> [WORK INSTRUCTIONS]: Restrict the output to the lines below starting at the one that contains "今日は豊島屋の「小鳩豆楽(赤缶)」をいただきました。 ちなみに「白缶」もあるし、箱に入ったものもある。 袋は4つ入っている。" and ending at the one that contains "足元をすっきりと見せてくれる", and restate them word for word, both ends included.

> [INFORMATION PROVIDED]:
══════════════════════════════
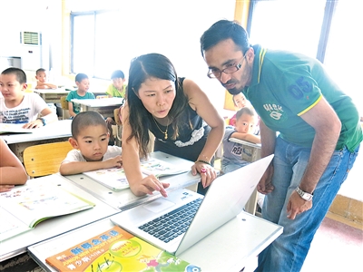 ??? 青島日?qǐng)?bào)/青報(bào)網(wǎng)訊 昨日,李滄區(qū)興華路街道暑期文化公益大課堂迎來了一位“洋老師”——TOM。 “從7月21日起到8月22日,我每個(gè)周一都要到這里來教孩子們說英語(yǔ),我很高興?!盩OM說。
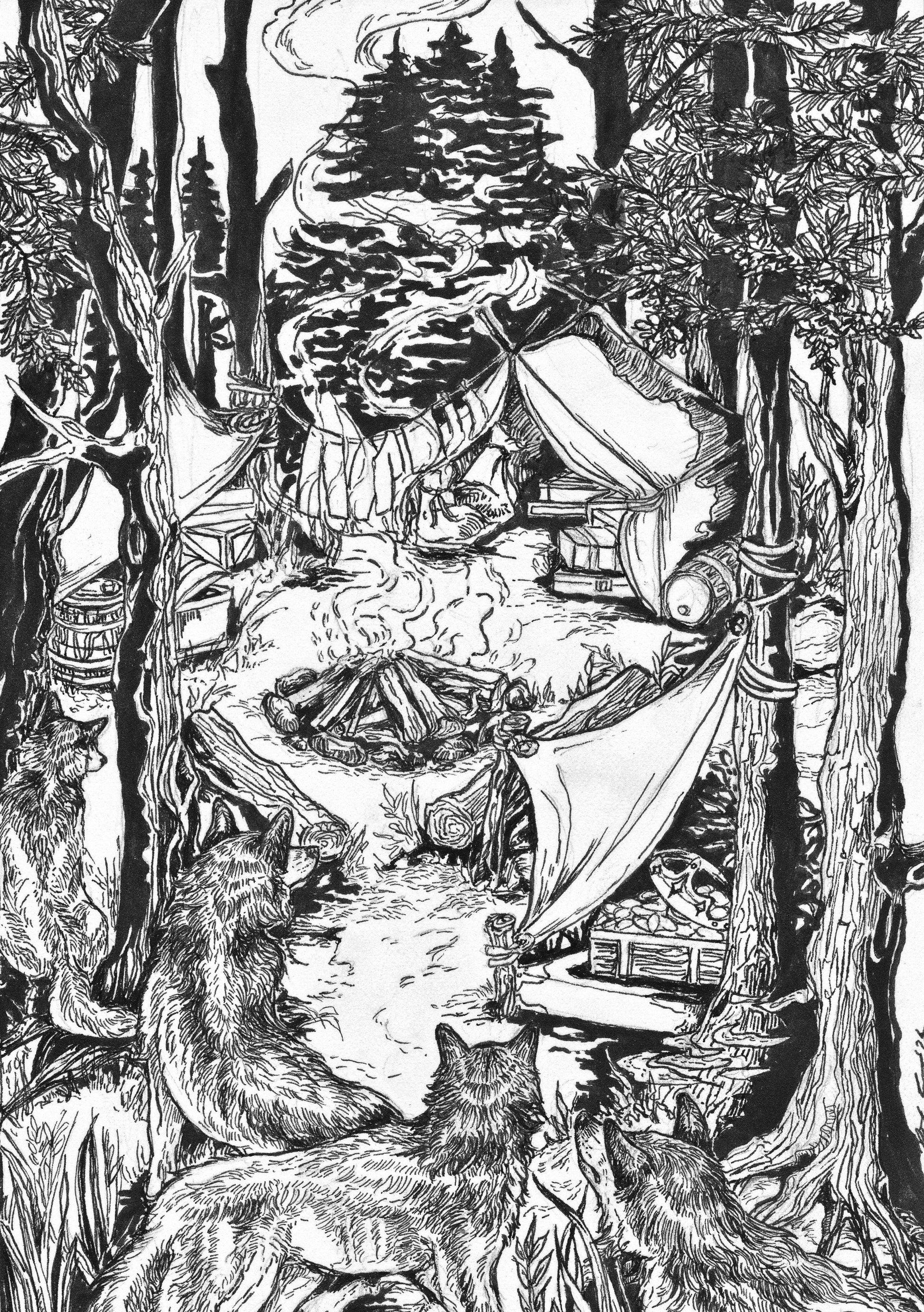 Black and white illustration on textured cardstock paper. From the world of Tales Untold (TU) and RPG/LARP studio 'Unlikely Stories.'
══════════════════════════════
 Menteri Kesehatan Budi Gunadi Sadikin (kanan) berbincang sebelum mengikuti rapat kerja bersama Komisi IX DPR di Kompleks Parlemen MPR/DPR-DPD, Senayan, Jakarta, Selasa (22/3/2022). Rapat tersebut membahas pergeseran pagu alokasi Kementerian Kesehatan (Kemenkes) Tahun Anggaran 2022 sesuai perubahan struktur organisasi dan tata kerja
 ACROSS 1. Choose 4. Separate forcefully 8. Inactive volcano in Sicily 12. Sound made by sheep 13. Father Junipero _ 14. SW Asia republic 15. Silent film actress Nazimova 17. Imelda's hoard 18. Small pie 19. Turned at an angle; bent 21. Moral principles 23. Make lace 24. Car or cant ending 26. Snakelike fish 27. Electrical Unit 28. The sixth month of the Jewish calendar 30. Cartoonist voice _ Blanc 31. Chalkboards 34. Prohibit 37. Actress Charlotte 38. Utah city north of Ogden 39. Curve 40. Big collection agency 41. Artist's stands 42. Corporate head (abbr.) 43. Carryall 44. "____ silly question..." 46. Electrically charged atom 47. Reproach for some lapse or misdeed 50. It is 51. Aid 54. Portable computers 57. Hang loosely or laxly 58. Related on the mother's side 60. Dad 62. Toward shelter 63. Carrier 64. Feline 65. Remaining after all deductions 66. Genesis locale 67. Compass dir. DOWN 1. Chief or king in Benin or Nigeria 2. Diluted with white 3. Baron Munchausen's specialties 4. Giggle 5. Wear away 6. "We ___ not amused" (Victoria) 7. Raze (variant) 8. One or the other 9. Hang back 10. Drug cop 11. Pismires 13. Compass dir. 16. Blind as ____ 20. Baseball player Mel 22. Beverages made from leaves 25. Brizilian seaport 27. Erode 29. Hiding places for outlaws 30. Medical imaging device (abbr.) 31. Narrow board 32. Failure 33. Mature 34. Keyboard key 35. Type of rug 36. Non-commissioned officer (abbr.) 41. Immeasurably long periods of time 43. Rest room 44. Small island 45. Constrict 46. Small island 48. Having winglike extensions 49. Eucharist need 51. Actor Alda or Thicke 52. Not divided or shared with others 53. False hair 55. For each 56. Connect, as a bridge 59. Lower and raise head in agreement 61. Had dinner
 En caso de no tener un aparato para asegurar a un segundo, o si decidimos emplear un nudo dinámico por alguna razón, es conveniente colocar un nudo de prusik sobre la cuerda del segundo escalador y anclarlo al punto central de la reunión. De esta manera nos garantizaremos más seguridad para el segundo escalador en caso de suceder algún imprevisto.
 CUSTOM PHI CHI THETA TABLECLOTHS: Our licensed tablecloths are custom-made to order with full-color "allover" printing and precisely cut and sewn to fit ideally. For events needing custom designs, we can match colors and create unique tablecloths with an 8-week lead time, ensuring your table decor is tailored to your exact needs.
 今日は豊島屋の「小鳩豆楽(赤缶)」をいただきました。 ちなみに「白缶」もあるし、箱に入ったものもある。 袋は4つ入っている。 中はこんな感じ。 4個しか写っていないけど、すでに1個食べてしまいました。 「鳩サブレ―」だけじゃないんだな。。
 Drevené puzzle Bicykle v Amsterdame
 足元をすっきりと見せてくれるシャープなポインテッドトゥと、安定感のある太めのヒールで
══════════════════════════════
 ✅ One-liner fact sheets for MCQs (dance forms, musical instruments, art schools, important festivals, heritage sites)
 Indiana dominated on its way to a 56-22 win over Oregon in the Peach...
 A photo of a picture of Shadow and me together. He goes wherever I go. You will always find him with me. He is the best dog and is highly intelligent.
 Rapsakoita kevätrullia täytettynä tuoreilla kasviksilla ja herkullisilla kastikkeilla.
══════════════════════════════
> [TASK RESULT]:
 今日は豊島屋の「小鳩豆楽(赤缶)」をいただきました。 ちなみに「白缶」もあるし、箱に入ったものもある。 袋は4つ入っている。 中はこんな感じ。 4個しか写っていないけど、すでに1個食べてしまいました。 「鳩サブレ―」だけじゃないんだな。。
 Drevené puzzle Bicykle v Amsterdame
 足元をすっきりと見せてくれるシャープなポインテッドトゥと、安定感のある太めのヒールで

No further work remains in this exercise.